Piotrowski David W, Kamlet Adam S, Dechert-Schmitt Anne-Marie R, Yan Jiangli, Brandt Thomas A, Xiao Jun, Wei Liuqing, Barrila Mark T
Worldwide Medicinal Chemistry, Pfizer, Inc. , Eastern Point Road, Groton, Connecticut 06340, United States.
Chemical Research and Development, Pfizer, Inc. , Eastern Point Road, Groton, Connecticut 06340, United States.
J Am Chem Soc. 2016 Apr 13;138(14):4818-23. doi: 10.1021/jacs.6b00207. Epub 2016 Mar 30.
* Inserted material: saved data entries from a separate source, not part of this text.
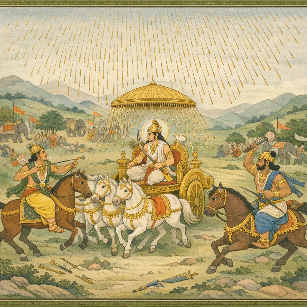 Upa-parva: Drauṇi–Arjuna Saṃśaptaka-vṛta Yuddha (Episode: Arrow-storm engagement and escalation)
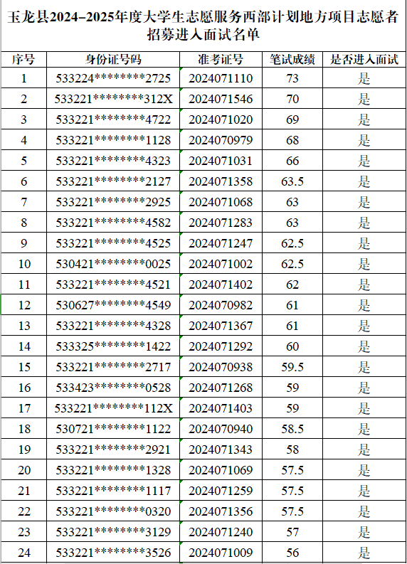附件:玉龍縣2024—2025年度大學(xué)生志愿服務(wù)西部計(jì)劃地方項(xiàng)目招募進(jìn)入面試名單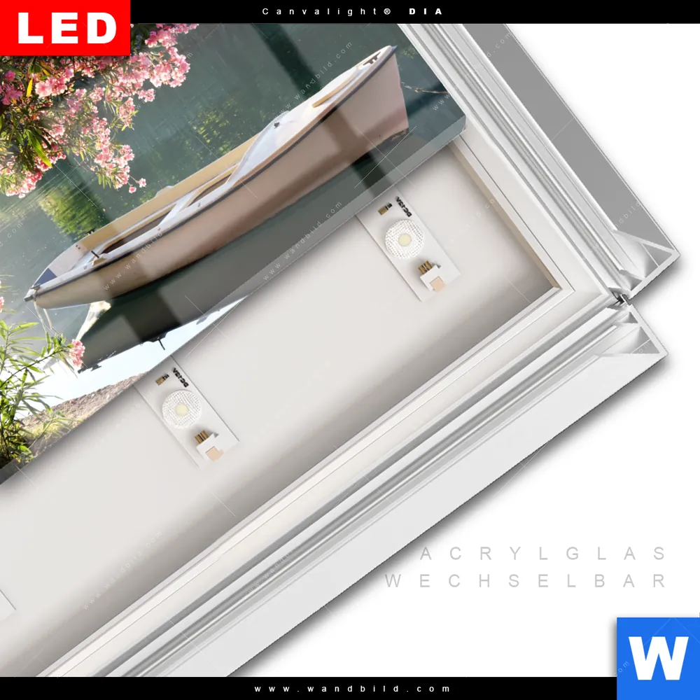 LED-Glasbild mit austauschbarem Acrylglas-Druck (Wechselbild)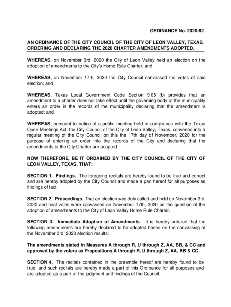 ORDINANCE No. 202062 AN ORDINANCE OF THE CITY COUNCIL OF THE CITY OF LEON VALLEY, TEXAS, ORDERING AND DECLARING THE 2020 CHARTER AMENDMENTS ADOPTED. WHEREAS, on November 3rd, 2020 the City of Leon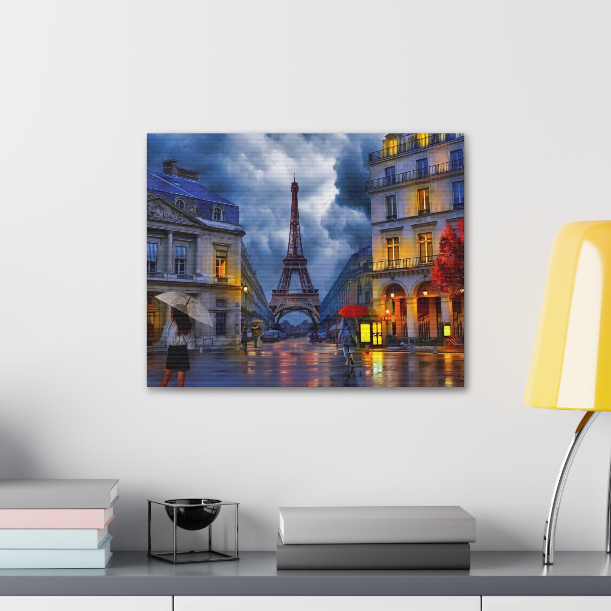 Paris Street View Red Umbrella Eiffel Tower France Canvas Artwork Breathtaking French City for Home Decor Ready to Hang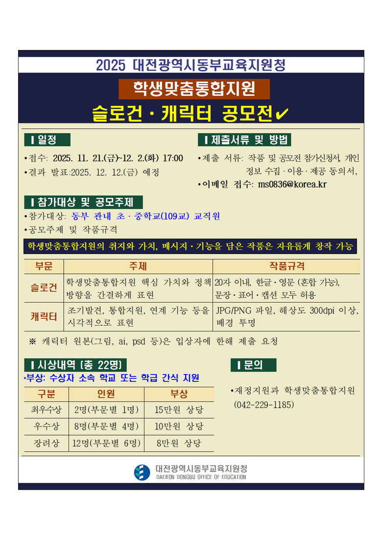 대전동부교육지원청 이상진 재정지원과장은“이번 슬로건과 캐릭터 공모전을 통해 정책의 핵심 가치가 시각적으로 공유되고, 학교 현장에서 보다 친숙하고 실천 가능한 학생맞춤형 지원 문화 확산의 기반이 될 것으로 기대한다”고 말했다.

We report a modular three-component dynamic kinetic resolution (DKR) that affords enantiomerically enriched hemiaminal esters derived from azoles and aldehydes. The novel and scalable reaction can be used to synthesize valuable substituted azoles in a regioselective manner by capping (e.g., acylation) of the equilibrating azole-aldehyde adduct. With the use of a prolinol-derived DMAP catalyst as the chiral Lewis base, the products can be obtained in high chemical yield and with high enantiomeric excess. The DKR was performed on a multikilogram scale to produce a tetrazole prodrug fragment for a leading clinical candidate that posed formidable synthesis challenges.
我们报道了一种模块化的三组分动态动力学拆分(DKR)反应,该反应可得到对映体富集的、由唑类和醛类衍生的半胺酯。这种新颖且可扩展的反应可通过对平衡的唑 - 醛加合物进行封端(例如酰化),以区域选择性的方式合成有价值的取代唑类。使用脯氨醇衍生的DMAP催化剂作为手性路易斯碱,能够以高化学产率和高对映体过量获得产物。该DKR反应在多公斤规模上进行,以制备一种用于领先临床候选药物的四唑前药片段,该片段的合成面临巨大挑战。